GIVEN RECORDS:
# # #

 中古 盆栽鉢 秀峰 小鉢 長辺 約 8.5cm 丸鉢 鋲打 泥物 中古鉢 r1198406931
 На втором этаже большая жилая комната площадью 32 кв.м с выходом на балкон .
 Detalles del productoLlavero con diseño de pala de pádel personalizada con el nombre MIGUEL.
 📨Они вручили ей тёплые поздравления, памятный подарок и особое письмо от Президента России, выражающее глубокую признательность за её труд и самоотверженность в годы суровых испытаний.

# # #

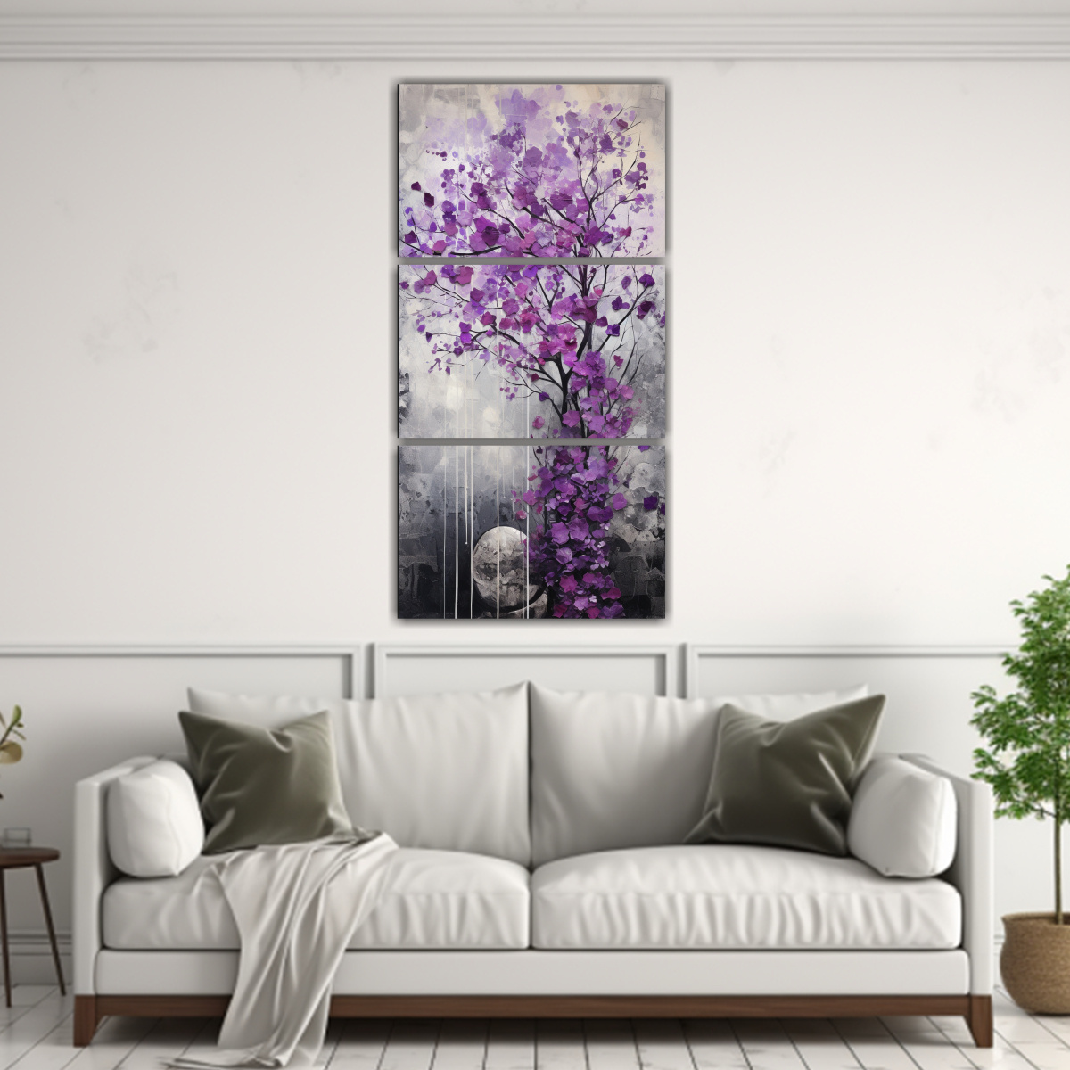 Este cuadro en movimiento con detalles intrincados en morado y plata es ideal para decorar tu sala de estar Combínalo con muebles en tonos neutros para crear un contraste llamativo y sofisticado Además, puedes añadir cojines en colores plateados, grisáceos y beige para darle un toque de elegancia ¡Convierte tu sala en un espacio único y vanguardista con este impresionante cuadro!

# # #

Everything from the line with "中古 盆栽鉢 秀峰 小鉢" through the line with "годы суровых испытаний." should be written out exactly as it appears above, end lines included, and nothing outside that range.

 中古 盆栽鉢 秀峰 小鉢 長辺 約 8.5cm 丸鉢 鋲打 泥物 中古鉢 r1198406931
 На втором этаже большая жилая комната площадью 32 кв.м с выходом на балкон .
 Detalles del productoLlavero con diseño de pala de pádel personalizada con el nombre MIGUEL.
 📨Они вручили ей тёплые поздравления, памятный подарок и особое письмо от Президента России, выражающее глубокую признательность за её труд и самоотверженность в годы суровых испытаний.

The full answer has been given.